GuyFawkes38
01-25-2009, 08:41 PM
I know there are a lot of Obama doubters out there. All I ask you to do is read this article from the Washington Post, and you will see the brilliance of Obama as he takes on one of the monumental problems of our age without even realizing it.
A Presidential Spring in My Son's Step
By Susan R. Benda
Saturday, January 24, 2009; A13
Barack Obama is many things to many people. Among the groups claiming a special resonance with him are mothers like me. Who has not seen The Photo (can it be that there is only one?) of toddler Barack and his young mother? His memoir may be titled "Dreams From My Father," but in the preface, Obama says that his mother "was the single constant in my life" and that "what is best in me I owe to her." She brought him up largely on her own.
This is significant for me as an unmarried mother of a preteen son, and it surely resonates for other mothers raising their children without dads. Growing up without a father, my son has at times struggled to feel "normal." ...
For my son, the issue is fatherlessness. Not having a father has been an impediment to "fitting in." He yearns for an adult man to call his very own and is uncomfortable when other children talk about their fathers or ask about his. This discomfort has affected his sense of security about his future, about measuring up and "making it" (whatever that means). ...
It is hard to watch him do this, even though thousands upon thousands of households today are headed by women who don't have partners. I know, however, that it takes time for the world around us to catch up to where society already is. For example, my son's tae kwon do teacher had the habit of talking to the students about their "moms and dads." I took him aside one day and suggested that the term "parents" might do the trick, with no child left behind. But there is a limit to how much a mother can protect her son from the word "dad." A mother can repeat to her child that there is no model "normal" family, but the world reflected and projected by television tells another story. My son and others like him are a silent and almost invisible minority, but they know who they are.
For these young people, the election to the presidency of a man who grew up without a dad signifies a seismic shift. The mere candidacy of Barack Obama has spoken eloquent volumes to my son where my words had failed. I know this because my son now walks a bolder walk and talks a more confident talk. The doors of his imagination have swung open, and his sense of his place in the world has changed. He is proud to share this identity with the new president. For my son, Obama's inauguration this week felt like a personal embrace. For him and for the growing number of children being raised by their mothers alone, all of the ceremony showed something, in a concrete way, that our words alone cannot: Yes, you can.

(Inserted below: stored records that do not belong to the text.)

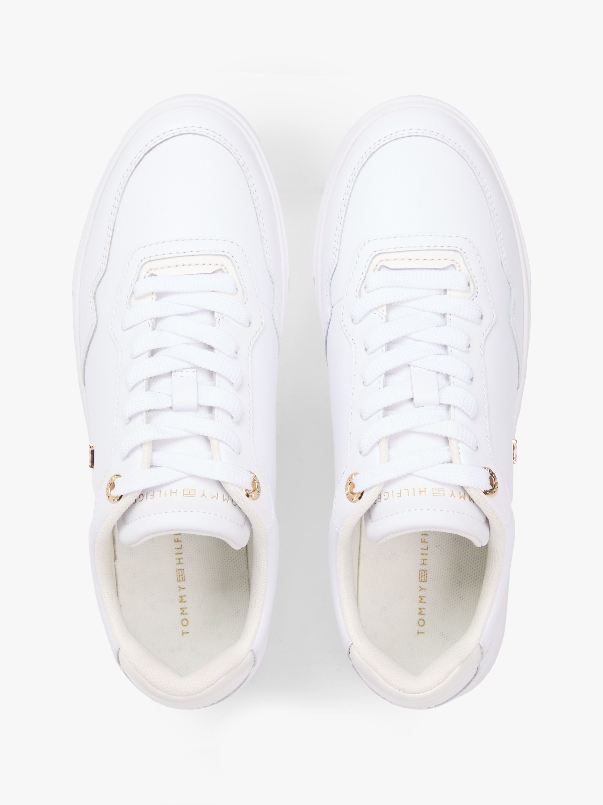 • Leather upper • Polyester lining • Polyurethane, other textiles and thermoplastic rubber removable insock • Rubber outsole • Contrast mixed texture panels • Cupsole • Contrast midsole • Tommy Hilfiger top eyelets • TH monogram plaque on side • Tommy Hilfiger metallic logo embossed on tongue • Tommy Hilfiger logo embossed on heel • Tommy Hilfiger branding
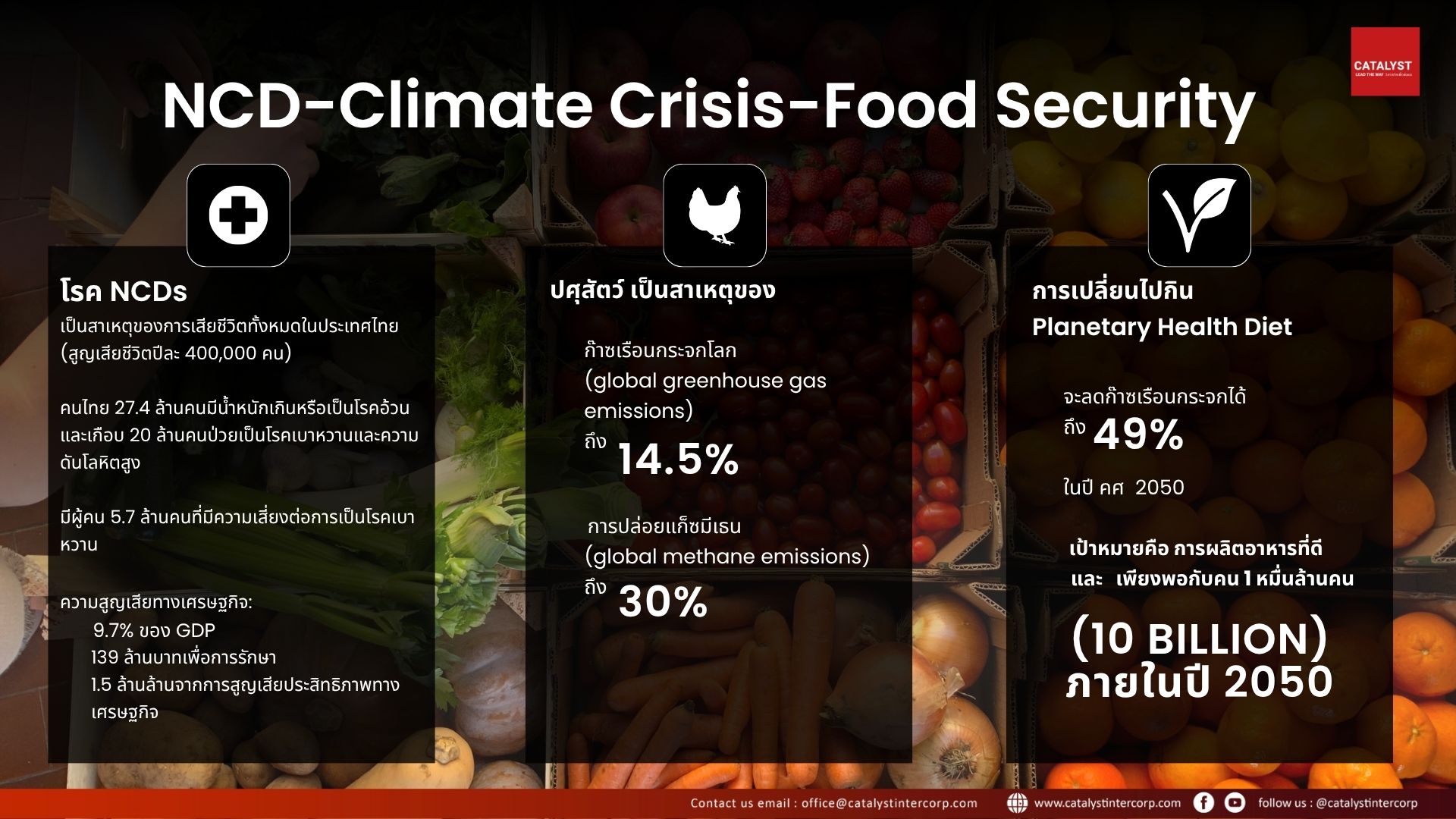 คะตะลิสต์เปิดกว้างสำหรับ ภาคธุรกิจ ที่ต้องการยกระดับมาตรฐาน ESG ด้วยการเปลี่ยนผ่านสู่วัตถุดิบที่มีสวัสดิภาพ สถาบันการศึกษา ที่สนใจโครงการอาหารกลางวันยั่งยืน หน่วยงานภาครัฐ องค์กรด้านสุขภาพ ที่ต้องการพันธมิตรด้านนโยบายสุขภาพและสิ่งแวดล้อม ขอเชิญร่วมงานสัมมนาออนไลน์นานาชาติ "International Symposium on NCD SMART Food 2026" ในวันที่ 7 เมษายน 2569 (ภาคบ่าย – บรรยายภาษาไทย) โดยมีวิทยากรผู้เชี่ยวชาญทั้งจากไทยและต่างประเทศ และพบกับวิทยากรระดับโลก อาทิ Dr. Michael Greger MD FACLM ผู้เขียนหนังสือ How Not To Die คัมภีร์ชนะทุกโรค เพื่อร่วมกันหาแนวทางขับเคลื่อนประเทศไทยสู่สังคมสุขภาพดีอย่างยั่งยืน ลงทะเบียนฟรี ที่ https://luma.com/8kllmf5z และติดตามความเคลื่อนไหวเพื่อร่วมงานในโครงการต่าง ๆ กับ CATALYST ได้ทาง เพจ catalystintercorp โทร. 096-186-7862 หรืออีเมล office@catalystintercorp.com
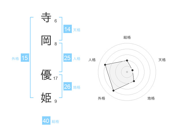 寺岡 優姫さんの天格は14画の1点!
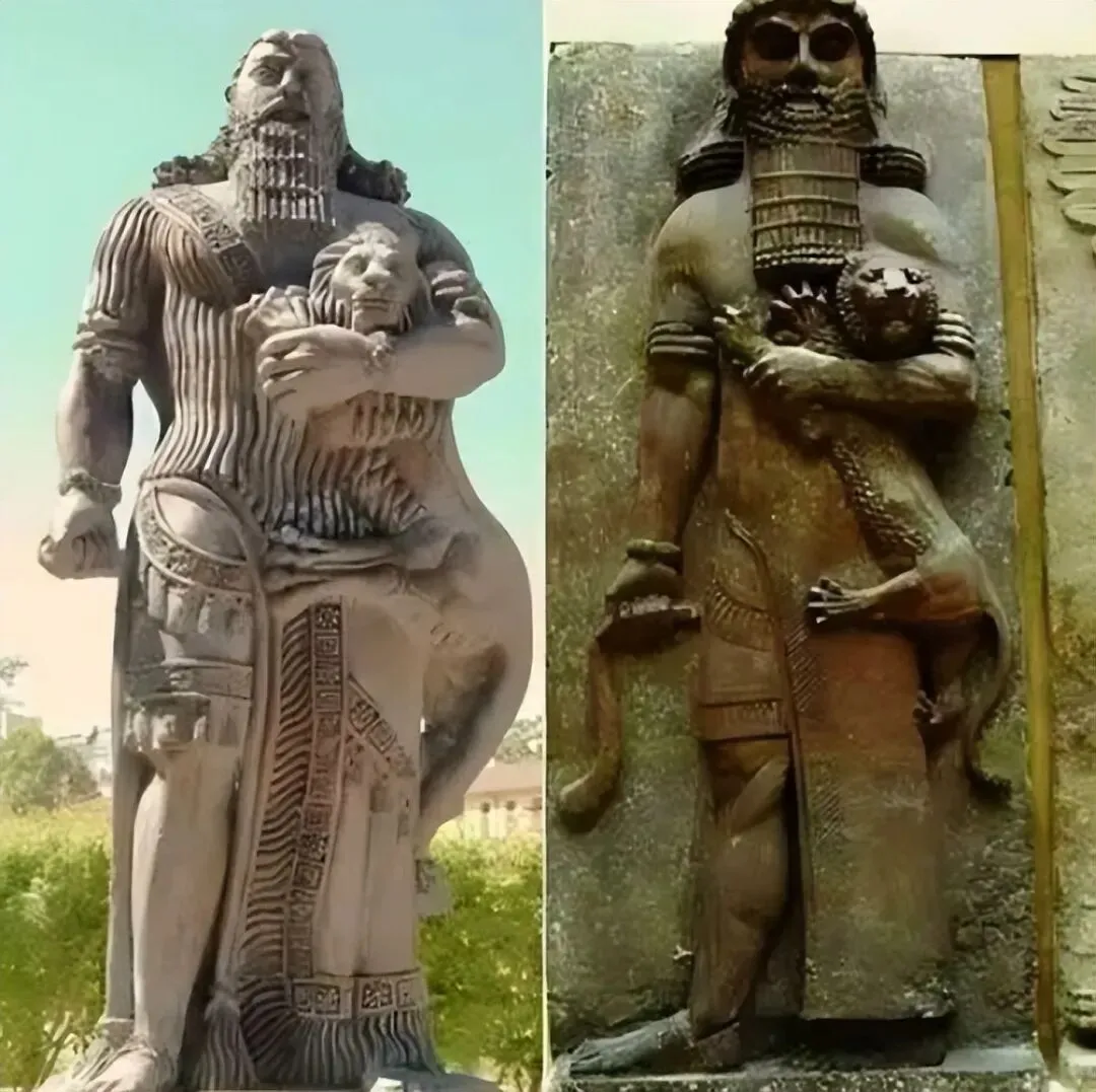 2、在卡拉汉特佩出土的距今11000多年的7英尺6英寸人形雕像侧面像
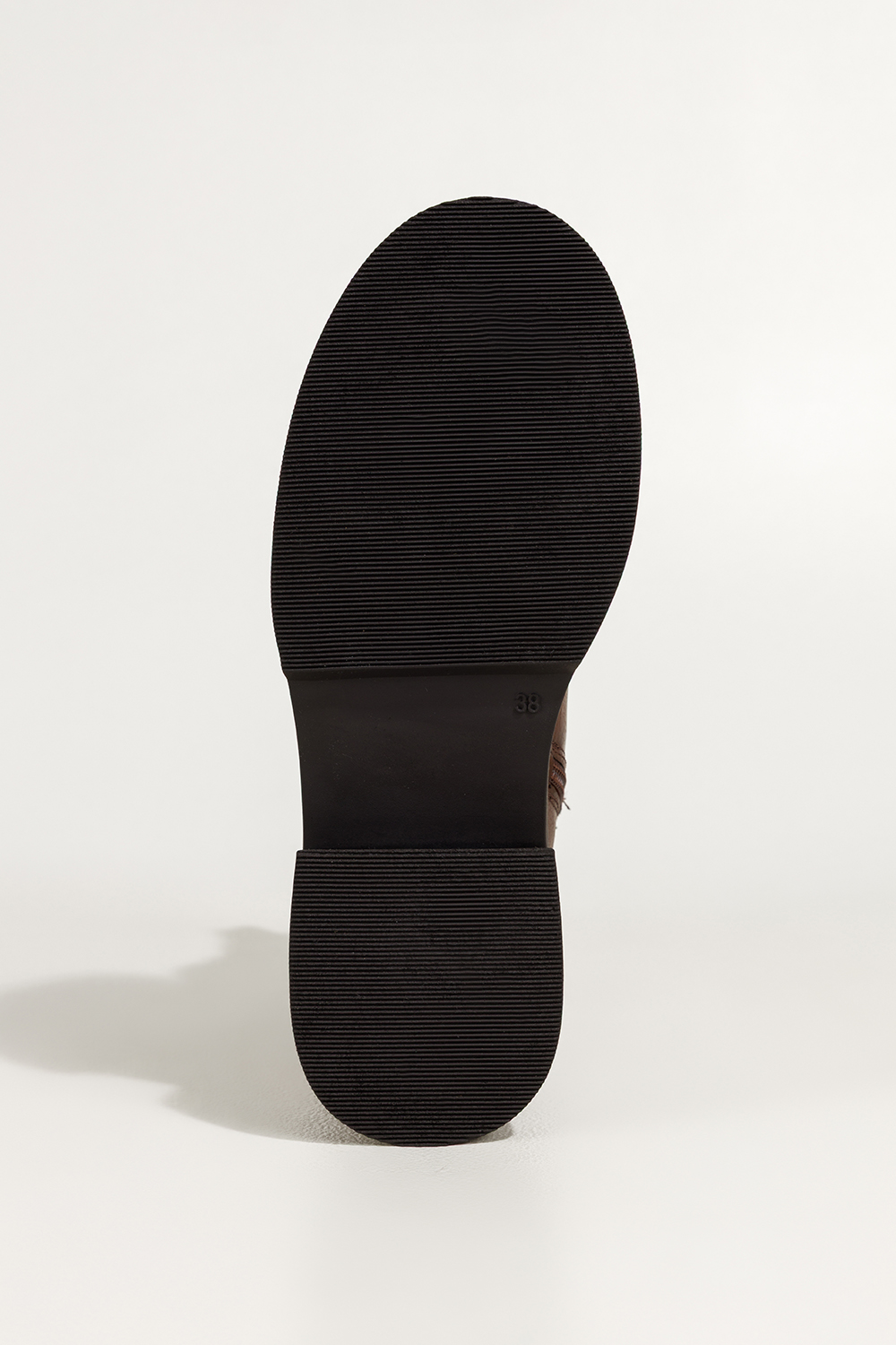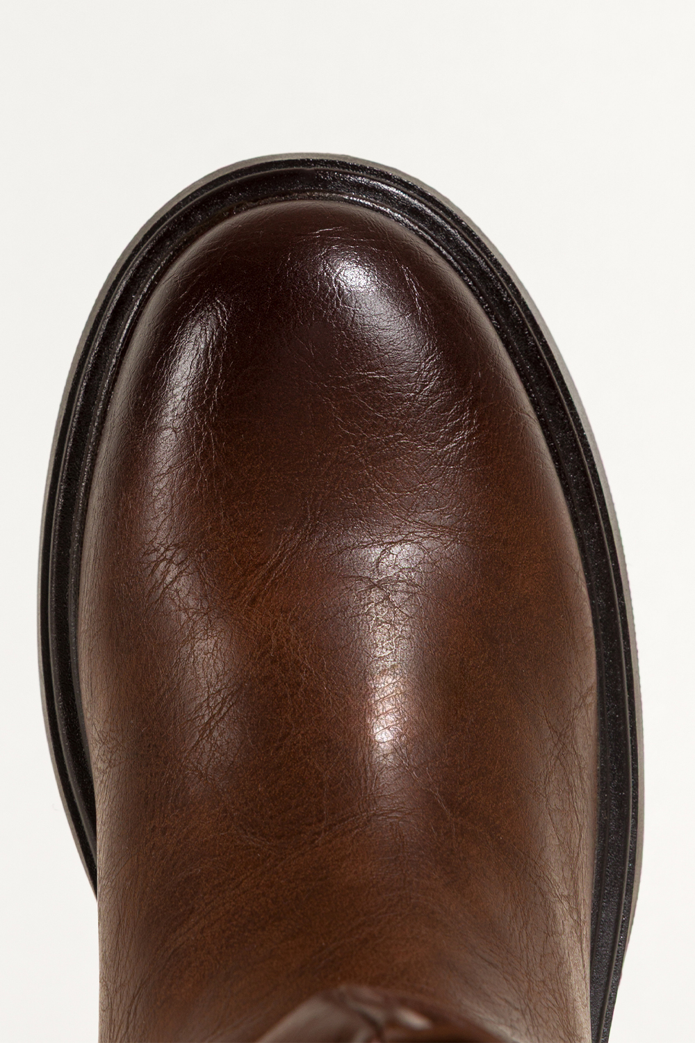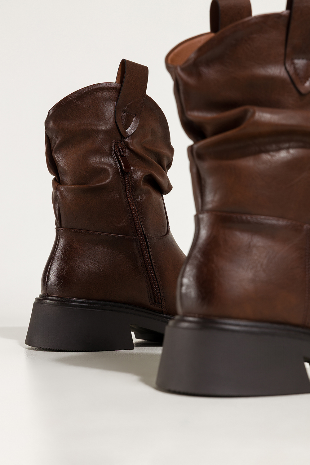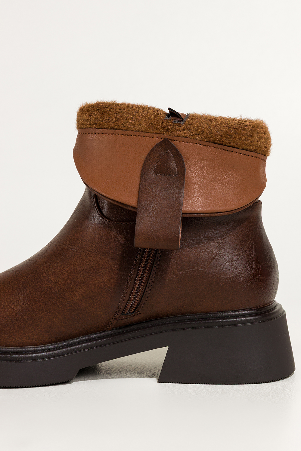 Czekoladowe botki skórzane damskie bieżnikowany obcas i platforma czarna ozdoba zamek na przodzie P
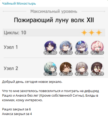 >>5091435 Зачем ты в пример приводишь челов с эйдалонами (рррря нищитова) и даже того, кто ниасилил 12? Зеркало от зеркала, зависит от бафа и пула подходящих под врагов персов, очевидно. Штабильно закрывать без проблем, смен пачек и прочего дрочева - уже прерогатива эйдолонобояр.
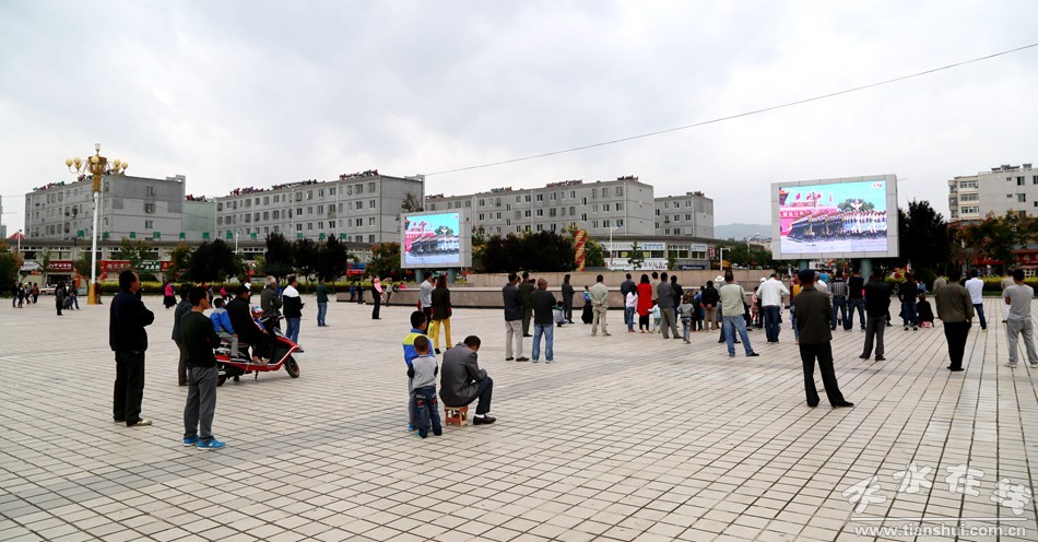 (9月3日上午,清水市民聚集在軒轅廣場上觀看閱兵現(xiàn)場直播)
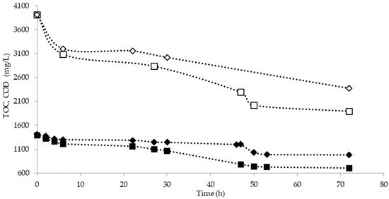 In the tests performed at pH = 7, a 30.12% TOC removal and 39.40% COD removal were observed. Comparing these values to the corresponding values obtained in the tests performed at uncontrolled pH (49.47% TOC removal and 51.54% COD removal), it was possible to confirm that neutral pH compromised the microbial metabolism reducing process effectiveness (Figure 5). This effect also suggests that the acclimation of microorganism under acidic pH conditions could result in a process enhancement and prevent process inhibition under acidic conditions [26,27].
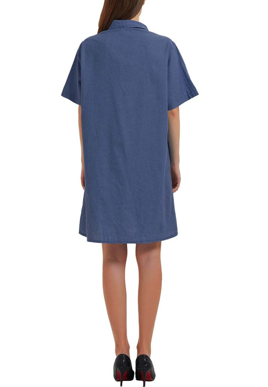 Long Sleeve V-Neck Shift Dress with Pleated Detail
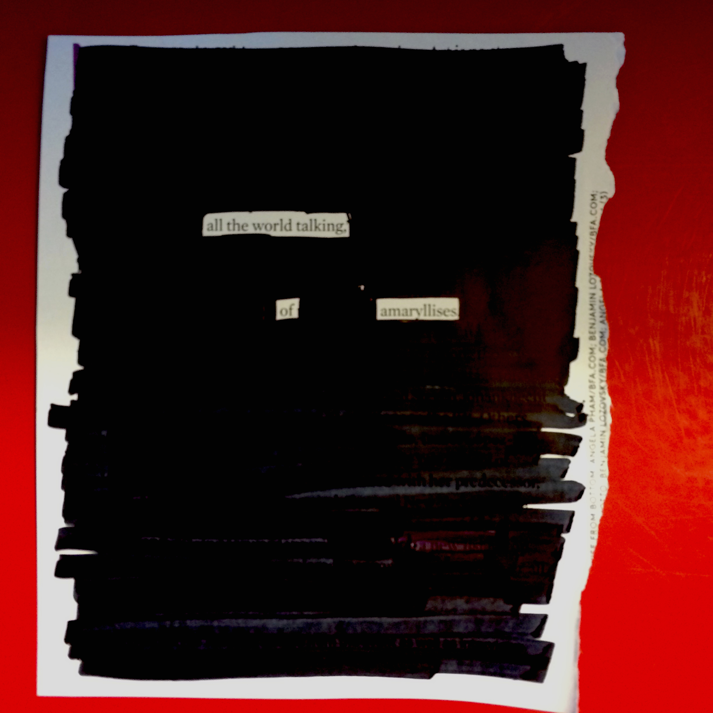 I got really into doing erasure/blackout poems in July. I’d never tried them before really, but I was doing a 30-poems-in-30-days challenge with some friends, and wanted to participate more days of the month than not—but I didn’t have the poetry-emergy-wherewithal to write from scratch everyday. Blackout poems, I discovered, were a really fun and rewarding way to still participate in the making of poetry without having the burden of the totally blank page.

The writer is a lawyer living in Washington.
Edit: For the record, Obama actually resented his mom for abandoning him for much of his childhood so she could travel in the Far East. But inconvenient details don't matter when it comes to Obamamania.
A Presidential Spring in My Son's Step
By Susan R. Benda
Saturday, January 24, 2009; A13
Barack Obama is many things to many people. Among the groups claiming a special resonance with him are mothers like me. Who has not seen The Photo (can it be that there is only one?) of toddler Barack and his young mother? His memoir may be titled "Dreams From My Father," but in the preface, Obama says that his mother "was the single constant in my life" and that "what is best in me I owe to her." She brought him up largely on her own.
This is significant for me as an unmarried mother of a preteen son, and it surely resonates for other mothers raising their children without dads. Growing up without a father, my son has at times struggled to feel "normal." ...
For my son, the issue is fatherlessness. Not having a father has been an impediment to "fitting in." He yearns for an adult man to call his very own and is uncomfortable when other children talk about their fathers or ask about his. This discomfort has affected his sense of security about his future, about measuring up and "making it" (whatever that means). ...
It is hard to watch him do this, even though thousands upon thousands of households today are headed by women who don't have partners. I know, however, that it takes time for the world around us to catch up to where society already is. For example, my son's tae kwon do teacher had the habit of talking to the students about their "moms and dads." I took him aside one day and suggested that the term "parents" might do the trick, with no child left behind. But there is a limit to how much a mother can protect her son from the word "dad." A mother can repeat to her child that there is no model "normal" family, but the world reflected and projected by television tells another story. My son and others like him are a silent and almost invisible minority, but they know who they are.
For these young people, the election to the presidency of a man who grew up without a dad signifies a seismic shift. The mere candidacy of Barack Obama has spoken eloquent volumes to my son where my words had failed. I know this because my son now walks a bolder walk and talks a more confident talk. The doors of his imagination have swung open, and his sense of his place in the world has changed. He is proud to share this identity with the new president. For my son, Obama's inauguration this week felt like a personal embrace. For him and for the growing number of children being raised by their mothers alone, all of the ceremony showed something, in a concrete way, that our words alone cannot: Yes, you can.
The writer is a lawyer living in Washington.
Edit: For the record, Obama actually resented his mom for abandoning him for much of his childhood so she could travel in the Far East. But inconvenient details don't matter when it comes to Obamamania.